Run make or make help to list all targets. The web app runs at http://localhost:3000. To use the extension in Chrome, run make build-extension (or pnpm run build:extension) and load plug-extension/dist in chrome://extensions (Load unpacked).

Build for production

Command Output
make build-frontend or pnpm run build:frontend Next.js app → frontend/.next
make build-extension or pnpm run build:extension Chrome extension → plug-extension/dist

Build everything: make build.

Project layout

Path Description
frontend/ Web app — landing, onboarding, dashboard, opportunities, negotiations, evaluate, vendors, analytics, vendor intelligence, activity, settings.
plug-extension/ Chrome extension — price detection, comparison, negotiation insights on product and SaaS pages.
Makefile make help, make install, make frontend, make extension, make both, make build, etc.
quickstart.sh One-time setup: Node/pnpm check, pnpm install, optional extension .env.

Quick reference

Task Command
One-time setup ./quickstart.sh
List make targets make or make help
Install dependencies make install or pnpm install
Start web app make frontend or pnpm run dev:frontend
Start extension dev make extension or pnpm run dev:extension
Start both make both
Build all make build

Contributing

DealMaker is open to contributions. We welcome bug reports, feature ideas, documentation improvements, and code changes.

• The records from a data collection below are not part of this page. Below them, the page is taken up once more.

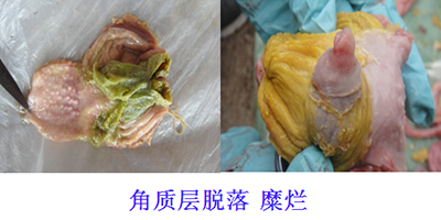 谷鳳柱教授還說,肌胃炎多和腺胃炎同時發(fā)生,但也可單獨發(fā)生,且對雞的危害大于腺胃炎。由于病因不同,臨床肌胃角質(zhì)層的病理變化也不盡相同。臨床上經(jīng)常看到肌胃角質(zhì)層的糜爛、崩解一定是發(fā)生了肌胃炎,但角質(zhì)層沒有糜爛不一定不是肌胃炎,要認真辯證分析。如果發(fā)現(xiàn)角質(zhì)層已經(jīng)發(fā)生褪色、變淡,那么我們就應(yīng)該注意了。
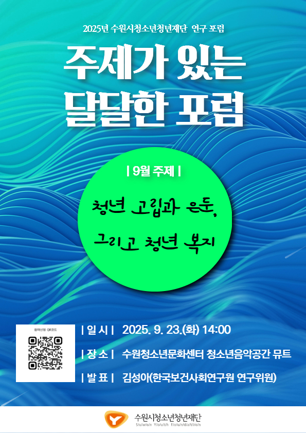 [수원시청소년청년재단] 정책 연구 포럼 9월 『주제가 있는 달달한 포럼』안내문
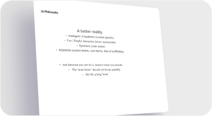 UI Philosophy n./Inr TrA ,T Intelligent / Empathetic (context specific) Fun / Playful interaction (when appropriate) Symbiotic (user aware) Adaptable (system learns, user learns, idea of scaffolding) just because you can do it, doesn't mean you should. o 'wow actor" should not trump usability Aim tor a long "wow"
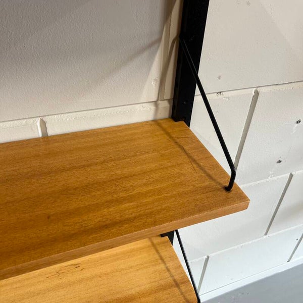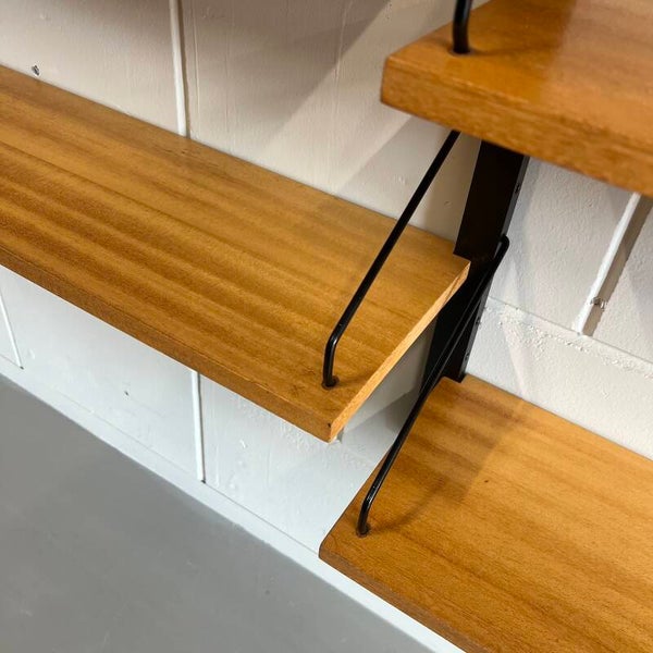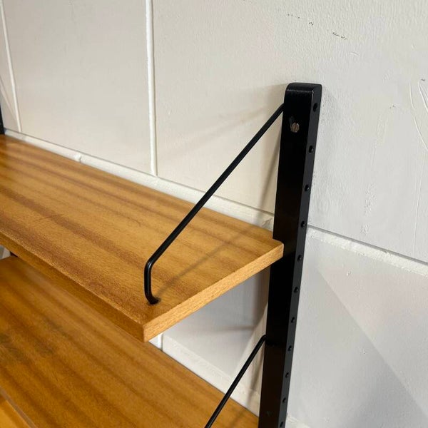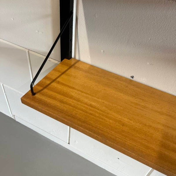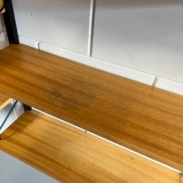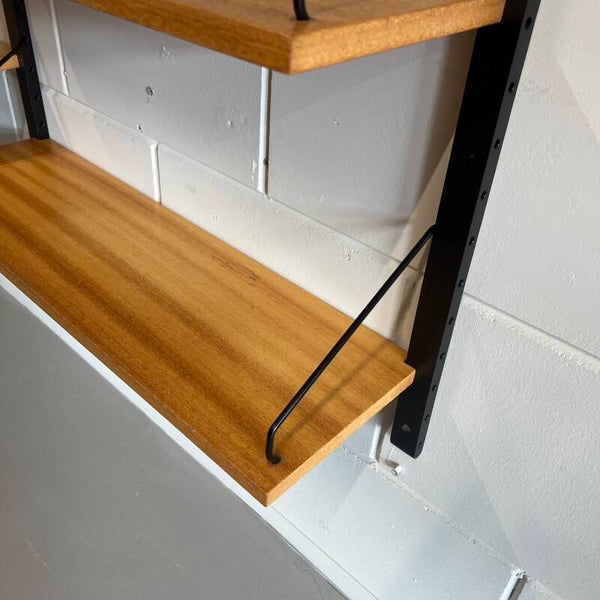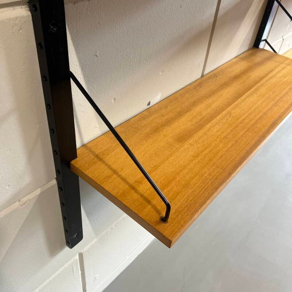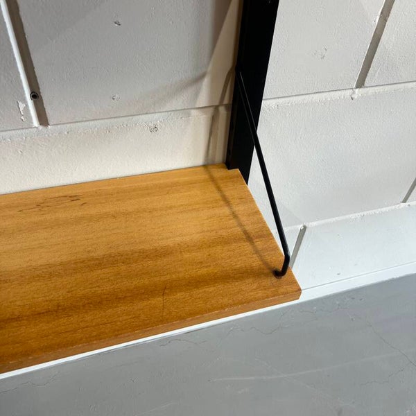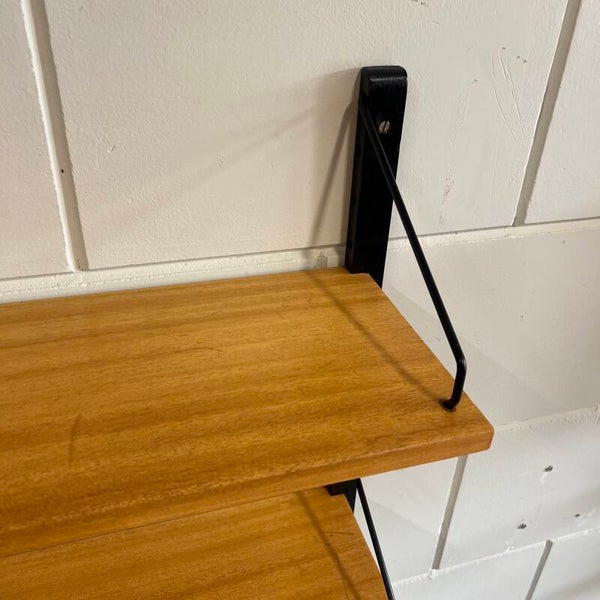Uitgevoerd in golden teak met zwart houten wandlatten (opnieuw gespoten) en zwart metalen beugels.
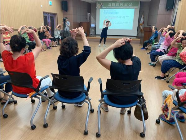치매예방교실은 치매예방체조와 인지향상 레크리에이션, 노래교실 등 뇌기능 활성화에 도움을 주는 내용으로 구성돼있다.
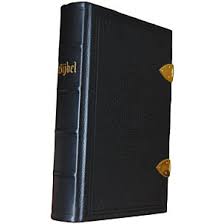 Huisbijbel (18,5x28) in mooie lederen band met blindstempel en 2 koperen sloten. Duidelijke letter

  • Bugs and features — Open an issue to report a bug or suggest a feature. Please search existing issues first.
  • Code and docs — Open a pull request from a fork. Use a short branch (e.g. fix/extension-panel or docs/readme-setup), keep changes focused, and reference any related issue.
  • Scope — Contributions to the web app (frontend/), the Chrome extension (plug-extension/), tooling (Makefile, quickstart.sh), and docs (README, design, and UX) are all welcome.

By contributing, you agree that your contributions may be used under the same terms as the project license.